Deploy Claude Code in an Edera Sandbox
The full Dockerfile and pod manifest are in this gist. The key bits:
The pod spec adds two lines to a standard deployment: a runtime class and a kernel annotation:
apiVersion: v1
kind: Pod
metadata:
name: claude-code
annotations:
dev.edera/kernel: ghcr.io/edera-dev/zone-kernel:6.15
spec:
runtimeClassName: edera
containers:
- name: claude
image: ghcr.io/your-org/claude-code:latest
command: ["tail", "-f", "/dev/null"]
...Deploy, wait, and verify isolation:
kubectl apply -f claude-pod.yaml
kubectl wait --for=condition=Ready pod/claude-code --timeout=120s
# Confirm you're in an Edera zone
kubectl exec claude-code -c claude -- cat /proc/version
# → Linux version 6.18.6 ... (not the host's 6.15.11)
Then connect and start working:
kubectl exec -it claude-code -c claude -- claude
Authenticate with your Claude account, flip on YOLO mode, and let the agent go to town. It has everything it needs: Node, Python, Go, Rust, git, ripgrep, the works. What it doesn't have is access to your host kernel, your node's memory map, or your neighboring workloads.
Why AI Agents Require Kernel-Level Sandboxing
The security problem with AI agents isn't that they're malicious. It's that they're non-deterministic and run on shared infrastructure that assumes determinism. Traditional security says enumerate valid behavior and block everything else. You can't do that with an agent that might legitimately install packages, write to arbitrary paths, and make network calls you didn't predict.
This is a resilience problem.. You don't solve it by adding more policy layers to a shared kernel.

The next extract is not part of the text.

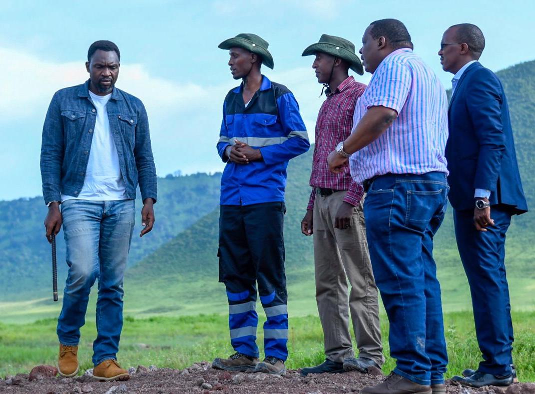 Waziri wa Maliasili na Utalii Dkt. Hamisi Kigwangalla (kushoto) akiwa na Kamishna wa Uhifadhi Mamlaka wa Hifadhi ya Ngorongoro (NCAA) Dkt. Freddy Manongi (wa pili kutoka kulia) na wahandishi wa NCAA wakati wa ziara ya kukagua kazi ya ukarabari wa barabara za kreta ya Ngorongoro.

You solve it by designing for failure: accepting that something will eventually go wrong and making sure that when it does, the failure stays contained. Remote code execution is the highest-impact failure mode in shared compute. A system that withstands Remote Code Execution (RCE) with root privileges inside a pod, without affecting the host or its neighbors, is a system you can actually trust with an unrestricted AI agent.

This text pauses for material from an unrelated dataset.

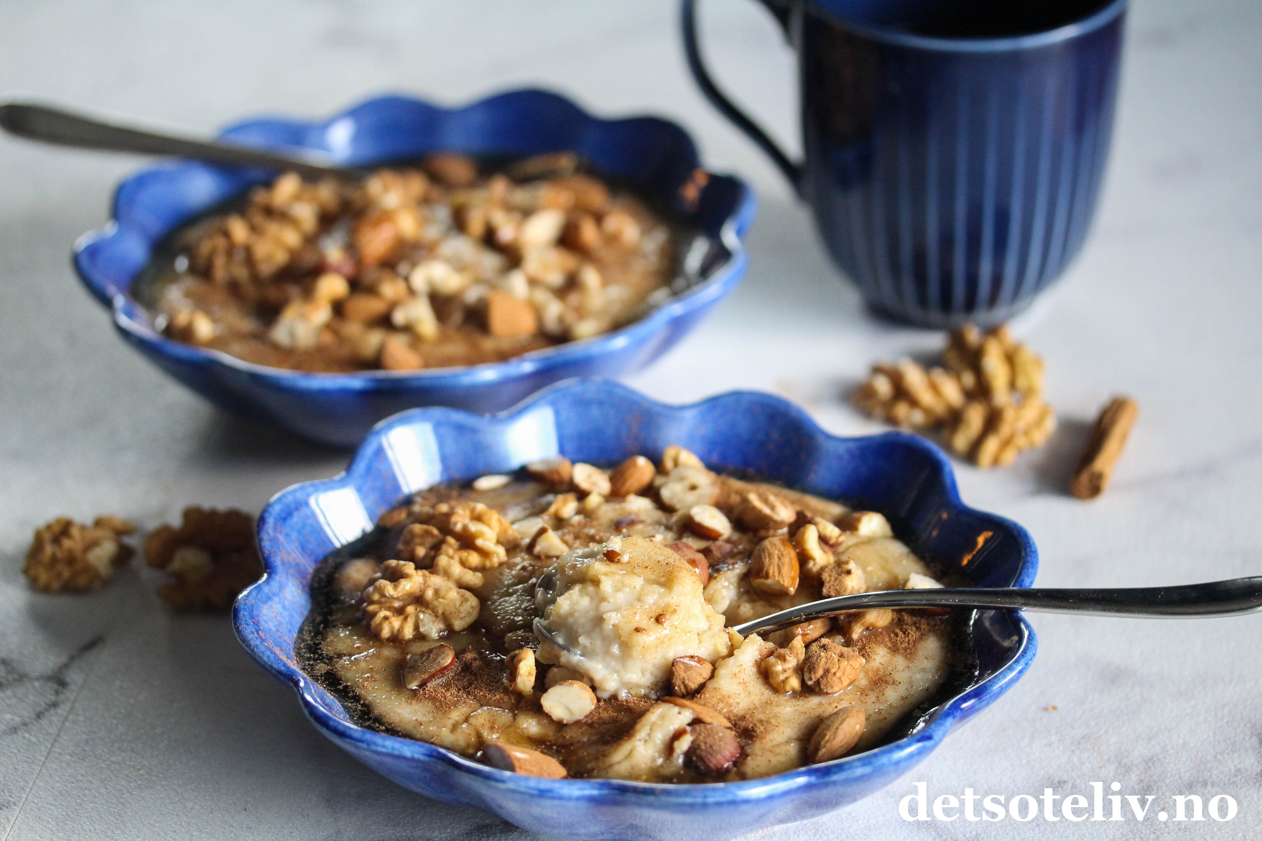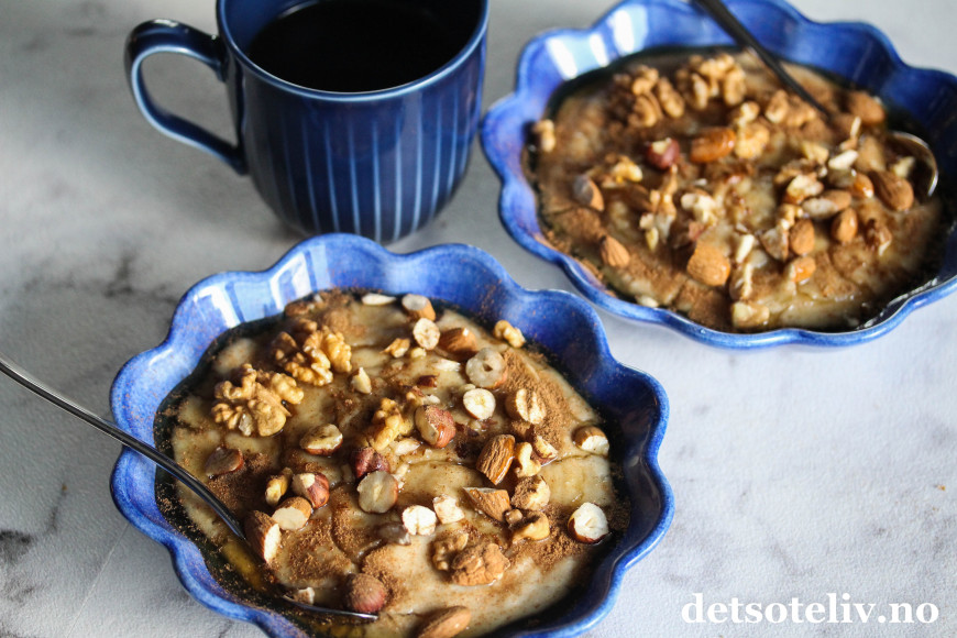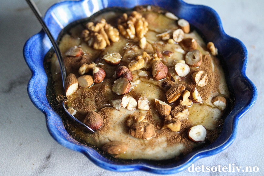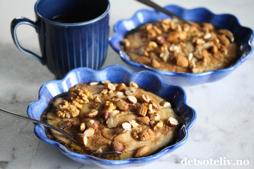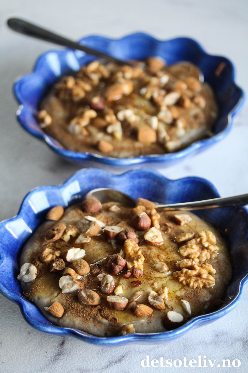 Her har jeg toppet skålene med en god smørklatt (som smeltet umiddelbart fordi grøten var så varm), sukker og masse kanel og deretter en blanding av grovt hakkede hasselnøtter, mandler og valnøtter.

Today, a compromised Kubernetes pod means you're tearing down the cluster. Every neighbor is suspect, every secret potentially exfiltrated, every workload tainted. With kernel isolation, the response is kubectl delete pod. The other workloads never even notice.

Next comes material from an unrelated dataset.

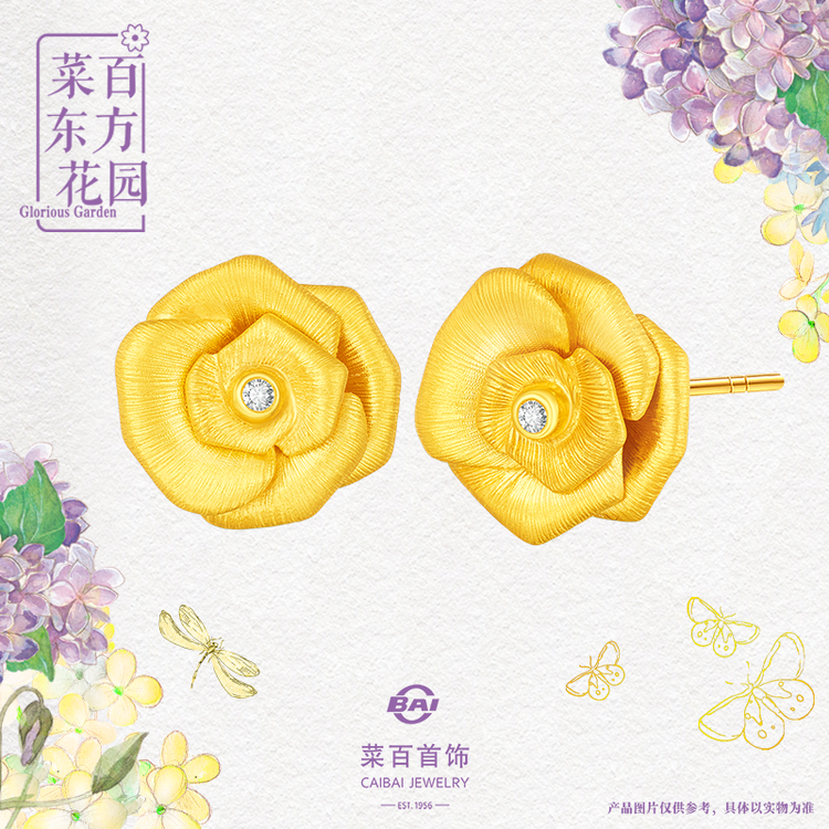 黄金饰品 > 黄金耳饰 > 耳钉 > 菜百首饰 > 菜百首饰 足金钻石饰品 东方花园

Efforts to restrict AI agents with policy and observability alone are doomed to fail because velocity beats out security, every time. Contain the failure instead. Give it a kernel it can't escape, let it YOLO within a trusted boundary, and get back to the work the agent was supposed to help you with in the first place.
That's what isolation gets you: more capability, with less consequence.
FAQ
Why are unrestricted AI agents risky on shared Kubernetes infrastructure?
Because containers share the host kernel, an unrestricted AI agent can expose node-level information and amplify the impact of kernel vulnerabilities across all workloads on the node.
What does it mean for an AI agent to run with its own kernel?
It means the agent runs inside a dedicated kernel with isolated memory, devices, and process space, completely separate from the host and other workloads.
How does kernel isolation limit blast radius for AI workloads?
Kernel isolation ensures that failures or compromises are contained to a single pod. The agent cannot affect the host or neighboring workloads by design.
Why doesn’t least-privilege security work well for AI agents?
AI agents have unbounded, non-deterministic behavior that can’t be fully enumerated in advance. Containment is more reliable than restrictive policy enforcement.
How does incident response change with kernel-isolated AI agents?
A compromised agent can be safely remediated by deleting the pod. There is no shared kernel state to investigate or cluster-wide exposure to assume.